**Exercise goal**
The reply should hold every line of the listing exactly, and none of its images.

**Data section**
▬▬▬▬▬▬

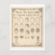 This postcard is a reproduction of a vintage barber's chart showing different types of haircuts and beard styles.
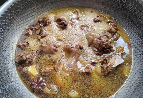 熱鍋倒油,放入鴨肉爆炒片刻,炒至鴨肉微黃後,再放入薑片、八角、桂皮、香葉炒香,加入生抽、蠔油、紅燒醬油、料酒炒勻,再倒入適量清水煮開。
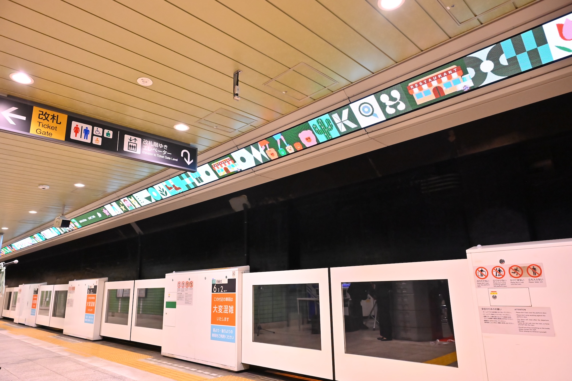 上下線ホーム2箇所に設置されたRAILWAY VISIONは全長90m、周辺環境と連動するコンテンツ放映は日本初の取り組みです。

▬▬▬▬▬▬

**Problem solution**
 This postcard is a reproduction of a vintage barber's chart showing different types of haircuts and beard styles.
 熱鍋倒油,放入鴨肉爆炒片刻,炒至鴨肉微黃後,再放入薑片、八角、桂皮、香葉炒香,加入生抽、蠔油、紅燒醬油、料酒炒勻,再倒入適量清水煮開。
 上下線ホーム2箇所に設置されたRAILWAY VISIONは全長90m、周辺環境と連動するコンテンツ放映は日本初の取り組みです。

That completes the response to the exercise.